The more important attributes of an ndarray object are:

***

> `ndarray.ndim`

the number of axes (dimensions) of the array.

> `ndarray.shape`

the dimensions of the array. This is a tuple of integers indicating the size of the array in each dimension. For a matrix with n rows and m columns, `shape` will be `(n,m)`. The length of the `shape` tuple is therefore the number of axes, `ndim`.

> `ndarray.size`

the total number of elements of the array. This is equal to the product of the elements of `shape`.

> `ndarray.dtype`

an object describing the type of the elements in the array. One can create or specify dtype’s using standard Python types. **Additionally** NumPy provides types of its own. **numpy.int32, numpy.int16, and numpy.float64 are some examples**.

> `ndarray.itemsize`

the size in bytes of each element of the array. For example, an array of elements of type `float64` has `itemsize` 8 (=64/8), while one of type `complex32` has `itemsize 4` (=32/8). It is equivalent to `ndarray.dtype.itemsize`.

> `ndarray.data`

the buffer containing the actual elements of the array. Normally, we won’t need to use this attribute because we will access the elements in an array using indexing facilities.


In [3]:
lst = np.arange(15).reshape(3, 5)
lst

array([[ 0,  1,  2,  3,  4],
       [ 5,  6,  7,  8,  9],
       [10, 11, 12, 13, 14]])

In [4]:
lst.shape

(3, 5)

In [5]:
lst.size

15

In [6]:
lst.dtype

dtype('int64')

In [7]:
lst.itemsize

8

In [8]:
lst.data

<memory at 0x7fb932c29790>

In [9]:
type(lst)

numpy.ndarray

In [10]:
# create numpy array
basic_lst = [1, 2, 3, 4]
own_lst = np.array(basic_lst)

own_lst

array([1, 2, 3, 4])

In [11]:
type(own_lst)

numpy.ndarray

### Array Creation

In [12]:
# create array using np.array function
int_lst = np.array([1, 2, 3])
int_lst

array([1, 2, 3])

In [13]:
int_lst.dtype

dtype('int64')

In [14]:
float_lst = np.array([1., 2., 3.])
float_lst

array([1., 2., 3.])

In [15]:
float_lst.dtype

dtype('float64')

A frequent error consists in calling `array` with multiple arguments, rather than providing a single sequence as an argument.

In [16]:
# WRONG
np.array(1, 2, 3, 4)

TypeError: array() takes from 1 to 2 positional arguments but 4 were given

In [17]:
# RIGHT
np.array([1, 2, 3, 4, 5])

array([1, 2, 3, 4, 5])

`array` transforms sequences of sequences into two-dimensional arrays, sequences of sequences of sequences into three-dimensional arrays, and so on.

In [18]:
# like tuples
lst_2dim = np.array([(1, 2, 3), (4, 5, 6)])
lst_2dim

array([[1, 2, 3],
       [4, 5, 6]])

In [19]:
# like list
lst_2dim = np.array([[1, 2, 3], [4, 5, 6]])
lst_2dim

array([[1, 2, 3],
       [4, 5, 6]])

In [20]:
lst_2dim.ndim

2

In [21]:
#The type of the array can also be explicitly specified at creation time:
complex_lst = np.array([1, 2, 3, 4], dtype=complex)
complex_lst

array([1.+0.j, 2.+0.j, 3.+0.j, 4.+0.j])

Often, the elements of an array are originally unknown, but its size is known. Hence, NumPy offers several functions to create arrays with initial placeholder content. These minimize the necessity of growing arrays, an expensive operation.

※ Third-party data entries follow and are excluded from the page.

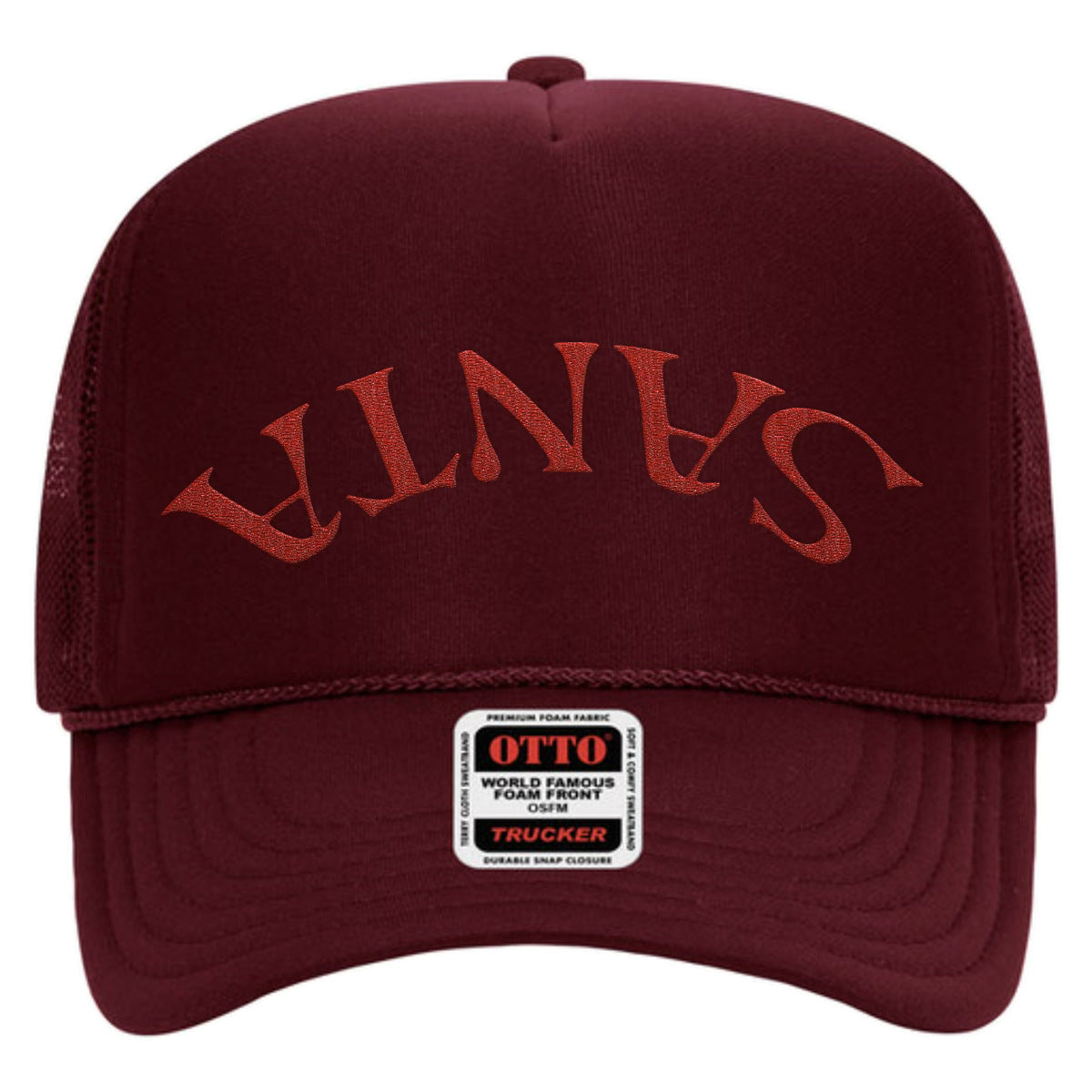 SANTA embroidered in red, upside down on a burgundy snapback trucker hat.
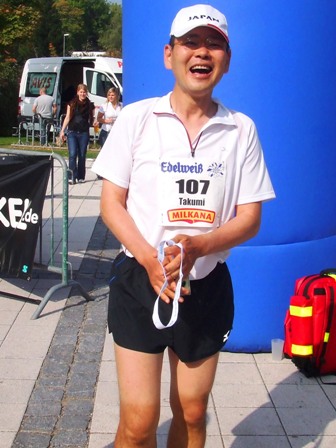 Takumi ist bei seinem 2. dt. Marathon "happy" im Ziel. |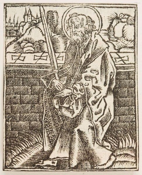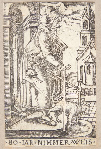 Curator: This is Sebald Beham's "St Jerome at the Arch," a small engraving from 1520. It's part of the collection at the Harvard Art Museums. Editor: The stark contrasts give it a very serious mood. The saint seems burdened, even trapped, by the archway looming over him. Curator: Observe how Beham uses the arch—not just as a frame, but as an architectural feature that defines the space around Jerome. The lines create depth and direct the viewer's eye. Editor: And that placement! Presenting the saint in the foreground like this is interesting, when the background reveals that this image is about the changing urban landscape in the Reformation era. Curator: Indeed. It's a visual language where symbols meet the emerging aesthetics of its period. Editor: So, there’s a historical narrative embedded in its graphic elements. I find it fascinating how it all intertwines. Curator: Absolutely, it’s a testament to the artist's capacity to convey depth through form and context. Editor: It certainly offers more than meets the eye; a window into history, expertly crafted.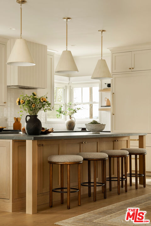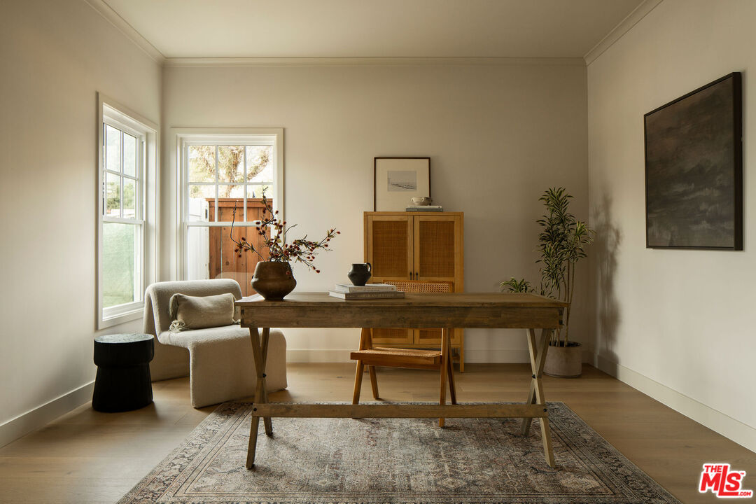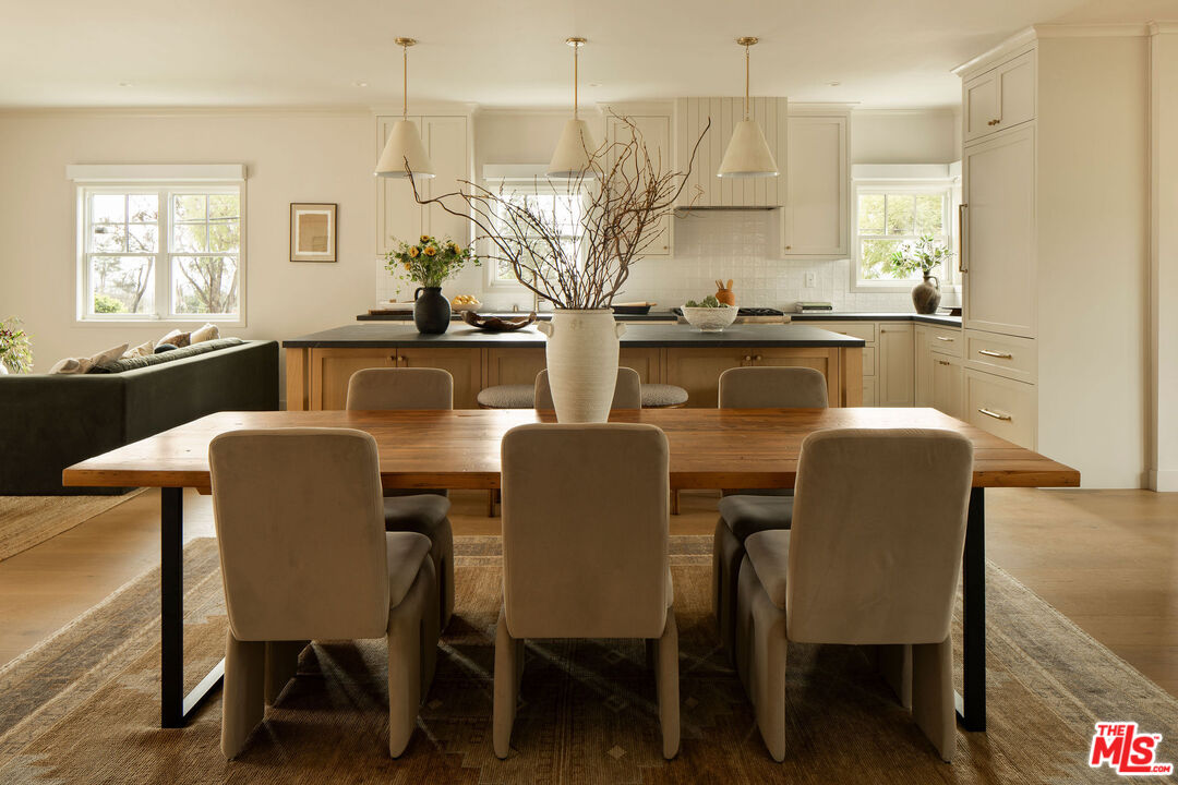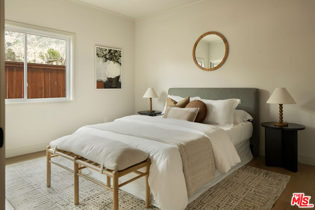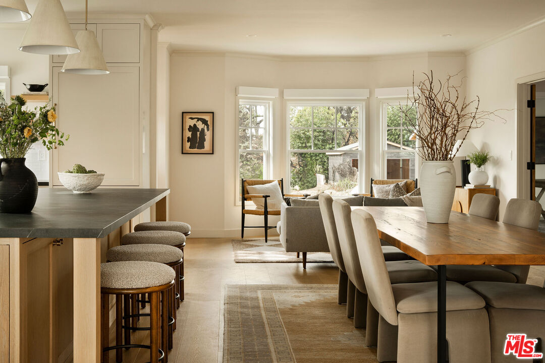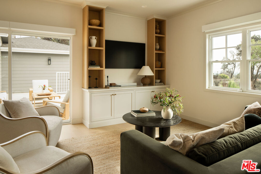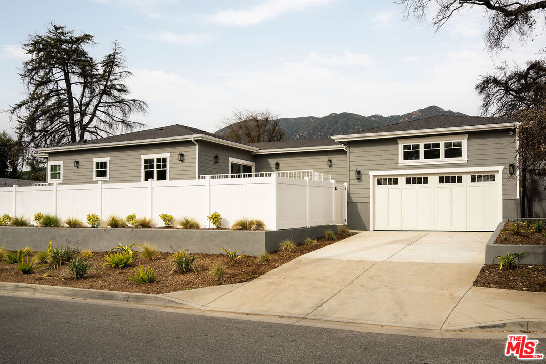 Originally built in 1948 and thoughtfully rebuilt in 2025, this beautiful 4 bedroom, 3 bathroom Altadena home spans approximately 2,110 square feet and blends classic California charm with modern design and resilience. Reconstructed on its original footprint and foundation following the Eaton Fire, the residence was developed with a deep commitment to craftsmanship, safety, and longevity, resulting in a home that feels both grounded in its history and entirely renewed. A newly landscaped front yard welcomes you inside to a bright, open-concept main living area designed for effortless everyday living. At the front of the home, a charming sitting area with a bay window captures beautiful natural light. The showstopping kitchen sits at the center, appointed with a large island, porcelain countertops, custom soft-close cabinetry, designer lighting, and a full Thermador appliance suite including a range and oven, double-drawer refrigerator, dishwasher, undercounter microwave, and beverage drawer. Just beyond, the family room provides a relaxed gathering space with easy flow to the outdoors. Off the main living area, the first bedroom with French doors offers flexibility as a guest room or office, with a full bath nearby featuring curated tilework. Two additional bedrooms are complemented by custom hallway built-ins and a washer and dryer conveniently located in a sizeable hallway closet near the bedrooms, complete with shelving for additional storage. Privately positioned at the rear of the home, the primary suite offers a serene retreat with a walk-in closet and a spa-like bath featuring a frameless glass shower, custom cabinetry, and designer fixtures. A sliding door opens to its own patio, creating an effortless indoor-outdoor connection. Outdoor living is thoughtfully designed, featuring an elevated patio for al fresco dining and a grassy side yard surrounded by custom landscaping and hardscaping with underground irrigation. Modern upgrades include a Control4 smart home system with Lutron lighting, Sonos audio, central iPad control, security cameras, Starlink internet (two years prepaid), new HVAC, a tankless water heater, upgraded electrical and plumbing, underground power lines, and solar panels. Fire-conscious construction- complete with a spark-resistant composition roof and concrete composite siding- adds peace of mind, while a high-ceiling two-car garage completes the property. Located in Altadena near beloved local restaurants, coffee shops, and neighborhood markets, with easy access to hiking trails and the scenic San Gabriel foothills, this thoughtfully rebuilt residence offers modern comfort, elevated design, and a fresh chapter in a cherished community.

> `numpy.zeros(shape, dtype=float, order='C', *, like=None)`

Return a new array of given shape and type, filled with zeros.

> `numpy.ones(shape, dtype=None, order='C', *, like=None)`

Return a new array of given shape and type, filled with ones.

> `numpy.empty(shape, dtype=float, order='C', *, like=None)`

Return a new array of given shape and type, without initializing entries **(content is random and depends on the state of the memory)**.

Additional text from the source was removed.